This is a guest post.
Statistics in Tableau
Data in the right hands can be extremely powerful and can be a key element in decision making. American statistician, W. Edwards Deming quoted that, “In God we trust. Everyone else, bring data”. We can employ statistical measures to analyze data and make informed decisions. Tableau enables us to calculate multiple types of statistical measures like residuals, correlation, regression, covariance, trend lines and many more.
Today let’s discuss how people misunderstand causation and correlation using Tableau.
Correlation and Causation
Correlation is a statistical measure that describes the magnitude and direction of a relationship between two or more variables.
Causation shows that one event is a result of the occurrence of another event, which demonstrates a causal relationship between the two events. This is also known as cause and effect.
Types of correlation:
- 1 → Positive correlation.
- -1 → Negative Correlation.
- 0 → No correlation.
Why are correlation and causation important?
The objective of analysing data is to identify the extent by which a variable relates to another variable.

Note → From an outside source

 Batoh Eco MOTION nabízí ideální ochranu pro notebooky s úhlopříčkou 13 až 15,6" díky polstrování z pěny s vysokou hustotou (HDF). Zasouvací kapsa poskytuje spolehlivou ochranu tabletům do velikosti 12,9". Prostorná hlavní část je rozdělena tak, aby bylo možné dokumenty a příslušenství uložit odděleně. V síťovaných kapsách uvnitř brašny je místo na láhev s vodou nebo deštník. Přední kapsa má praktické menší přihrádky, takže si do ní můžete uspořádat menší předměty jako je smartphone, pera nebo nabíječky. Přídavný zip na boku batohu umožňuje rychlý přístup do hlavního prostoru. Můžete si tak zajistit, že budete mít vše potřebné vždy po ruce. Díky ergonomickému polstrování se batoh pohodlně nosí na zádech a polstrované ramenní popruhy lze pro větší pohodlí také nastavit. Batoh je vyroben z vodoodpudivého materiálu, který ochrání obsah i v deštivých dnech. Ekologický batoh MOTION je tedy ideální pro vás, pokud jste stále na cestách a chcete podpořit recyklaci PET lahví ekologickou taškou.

Examples of Correlation and Causation
- Vending machines and obesity in schools: people gain weight due to junk food. One important source of junk food in schools is vending machines. So if we remove vending machines from schools obesity must reduce, right? But it isn’t true. Research shows that children who move from schools without vending machines to schools with vending machines don’t gain weight. Here we can find a correlation between children who were overweight and eating junk food from vending machines. In actuality, the “causal” point (which is the removal of vending machines from schools) has a negligible effect on obesity.
- Ice cream sales and temperature: If we observe ice cream sales and temperature in the summer, we can determine that they are causally related; i.e. there is a strong correlation between them. As temperature increases, ice cream consumption also increases. Understanding correlation and causation allows people to understand data better.

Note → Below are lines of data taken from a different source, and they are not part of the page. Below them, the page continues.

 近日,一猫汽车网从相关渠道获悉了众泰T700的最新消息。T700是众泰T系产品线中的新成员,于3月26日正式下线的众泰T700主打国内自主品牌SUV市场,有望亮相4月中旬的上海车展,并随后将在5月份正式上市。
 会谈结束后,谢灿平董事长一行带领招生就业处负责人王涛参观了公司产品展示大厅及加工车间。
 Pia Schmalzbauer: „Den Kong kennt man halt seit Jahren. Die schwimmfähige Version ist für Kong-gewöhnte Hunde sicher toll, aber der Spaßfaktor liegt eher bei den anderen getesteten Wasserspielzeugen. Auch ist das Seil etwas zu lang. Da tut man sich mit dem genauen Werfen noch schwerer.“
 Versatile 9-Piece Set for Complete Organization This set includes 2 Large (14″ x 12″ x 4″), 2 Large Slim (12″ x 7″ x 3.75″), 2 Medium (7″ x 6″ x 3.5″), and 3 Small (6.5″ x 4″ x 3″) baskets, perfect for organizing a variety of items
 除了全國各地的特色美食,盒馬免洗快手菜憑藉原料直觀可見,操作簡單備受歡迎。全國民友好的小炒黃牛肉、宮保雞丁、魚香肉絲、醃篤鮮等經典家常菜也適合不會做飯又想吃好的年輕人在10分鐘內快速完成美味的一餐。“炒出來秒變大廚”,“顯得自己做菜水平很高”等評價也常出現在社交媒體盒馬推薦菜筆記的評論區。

Now let’s explore correlation using Tableau. We are going to use the orders table from the superstore dataset which comes default with Tableau.
Before going further let’s understand how to calculate the correlation coefficient ‘r’.
We can easily understand the above formula by breaking it into pieces.
In Tableau, we can represent the above formula as 1/SIZE() -1 where SIZE is function in Tableau.
We can use WINDOWSUM function for doing this summation in Tableau.
xi is the sum of profit and x-bar is the mean of profit, which is window average of sum of profit, and sx is standard deviation of profit. That means that we need to subtract mean from sum of profit and divide that by standard deviation.
(SUM([Profit])-WINDOW_AVG(SUM([Profit]))) / WINDOW_STDEV(SUM([Profit])))
This is similar to the formula above but we only need to swap profit with sales.
(SUM([Sales])-WINDOW_AVG(SUM([Sales]))) / WINDOW_STDEV(SUM([Sales])))
Now we have to join all these formulae to get the value of the correlation coefficient of r. Be careful while using parenthesis or you may face errors. Here is our final formula to calculate r.
1/(SIZE()-1) * WINDOW_SUM(( (SUM([Profit])-WINDOW_AVG(SUM([Profit]))) / WINDOW_STDEV(SUM([Profit]))) * (SUM([Sales])-WINDOW_AVG(SUM([Sales]))) / WINDOW_STDEV(SUM([Sales])))
Let’s implement this in Tableau to see how it works. Load superstore data into Tableau before getting started.
After loading the superstore excel file into Tableau, examine the data in the orders sheet. You can see that it contains store order details complete with sales and profits. We will use this data to find correlation between profit and sales.
Let’s get our hands dirty by making a visualization. Go to sheet1 to get started. I made a plot between profit and sales per category.
Now in order to find the correlation between profit and sales, we need to use our formula to make a calculated field which serves our purpose.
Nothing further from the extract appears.